Neuroscientist to return to Stanford as its 11th president
Neuroscientist and entrepreneur Marc Tessier-Lavigne was named the 11th president of Stanford University on Thursday, returning to a school that is vastly more wealthy, more research-oriented and more globally renowned for its academic programs than when he served on the faculty more than a decade ago.
Tessier-Lavigne will succeed John L. Hennessy, who announced his intention to step down last June. Hennessy is widely credited with lifting Stanford to the highest ranks of the world’s elite universities during his 16-year tenure.
Tessier-Lavigne, 56, is currently president of Rockefeller University in New York City, a role he has held since 2011. He will assume his post in Palo Alto on Sept. 1.
The Stanford Board of Trustees approved his appointment in a unanimous vote Thursday morning.
Steve Denning, chairman of the board, called Tessier-Lavigne “an exemplary leader” with “a distinguished academic record and a lifetime immersed in leading initiatives to develop knowledge for the benefit of humanity.”
At Stanford, Tessier-Lavigne will oversee a campus of nearly 7,000 undergraduate students and 9,000 graduate students, with a budget of $5.5 billion.
In an interview, Tessier-Lavigne said Stanford has significantly improved graduate and undergraduate programs and interdisciplinary research and honed a culture of innovation since his faculty days.
The opportunity to build on those successes was a great lure in his return, he said. He was a professor of biological sciences from 2001 to 2005, having been recruited by Hennessy.
“With every great institution it is important to keep moving forward,” Tessier-Lavigne said. “My role will be to continue moving from strength to strength.”
He has not yet set priorities but will “listen and then work collectively with the campus community to develop a vision” and goals, he said.
Citing his own history as the first in his family to finish college, Tessier-Lavigne said he is committed to increasing socioeconomic and ethnic diversity at Stanford, which has surpassed Harvard and other Ivy League campuses as the most competitive in the nation for freshman applicants.
The school waives undergraduate tuition for families with annual incomes up to $125,000 and gives free room and board to those earning less than $65,000 a year.
The university, celebrating its 125th anniversary this year, may study other measures to increase access, he said.
“My own background has conditioned my passion for this issue,” Tessier-Lavigne said. “My parents didn’t go to college but they knew how important education was and supported my desire to go. It’s important to make it possible for students of all backgrounds to attend Stanford.”
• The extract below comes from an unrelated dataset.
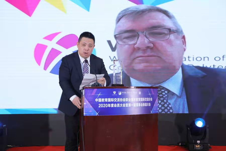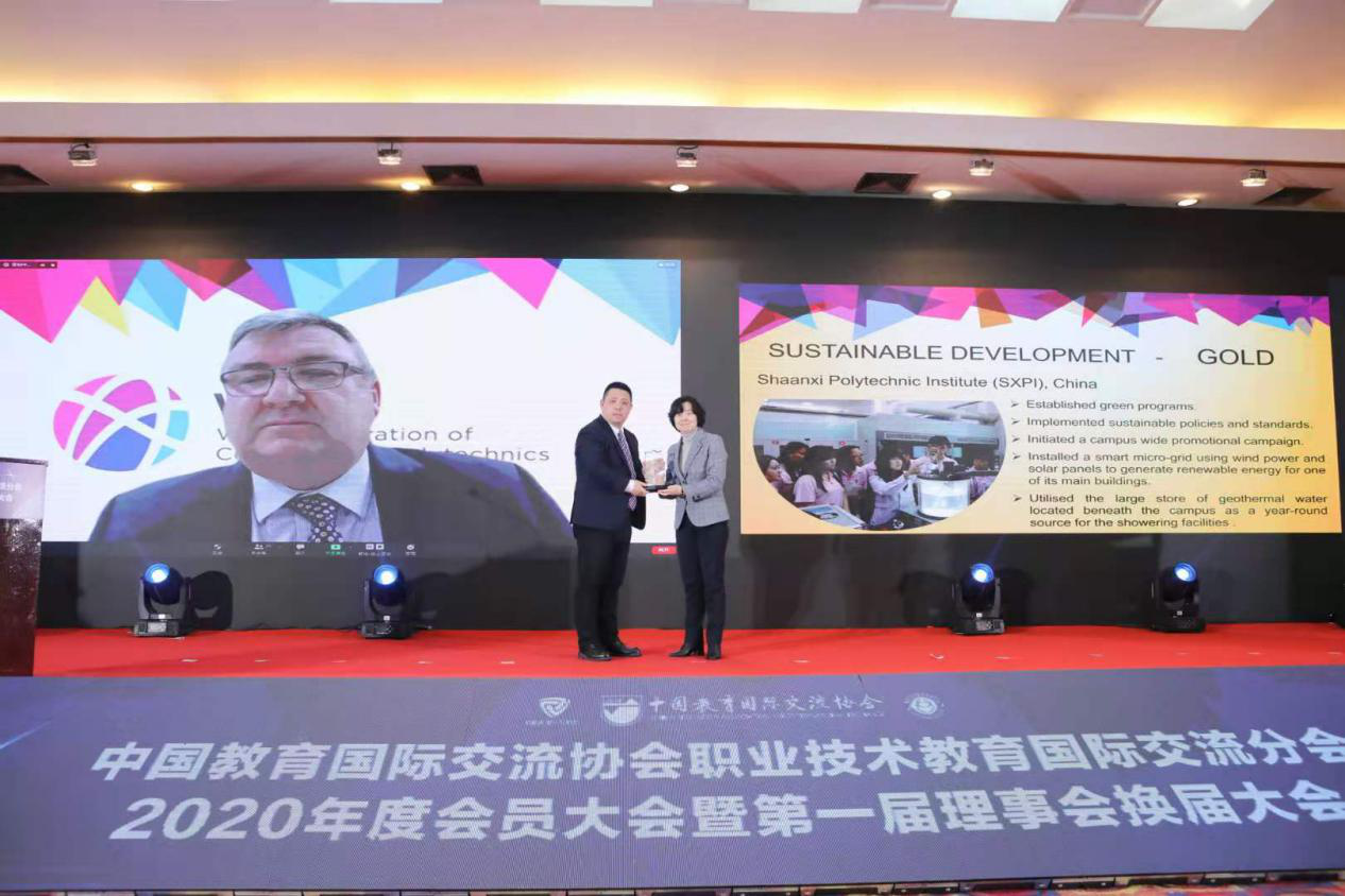 11月27日,世界职业院校与技术大学联盟(WFCP)2020年度卓越奖全球颁奖典礼以视频会议的形式举行。我院从国际上众多院校中脱颖而出,获得卓越奖“教育可持续发展”金奖。在南京分会场,世界职教院校联盟副主席、中国教育国际交流协会副秘书长沈雪松向我院颁奖,副院长段峻代表学院上台领奖并致答谢词。

And Tessier-Lavigne vowed to continue to build on Stanford’s relationship with Silicon Valley, which has opened its arms to the university’s faculty. The university, in turn, has become a hub of tech innovation.
Tessier-Lavigne is more than familiar with that world. While working as a professor at UC San Francisco, he co-founded Renovis, a biotech company that was acquired by the German firm Evotech in 2008. Last year he co-founded Denali Therapeutics in South San Francisco to develop drugs to treat neurodegenerative diseases. He said he has not determined whether he will maintain his involvement with the company.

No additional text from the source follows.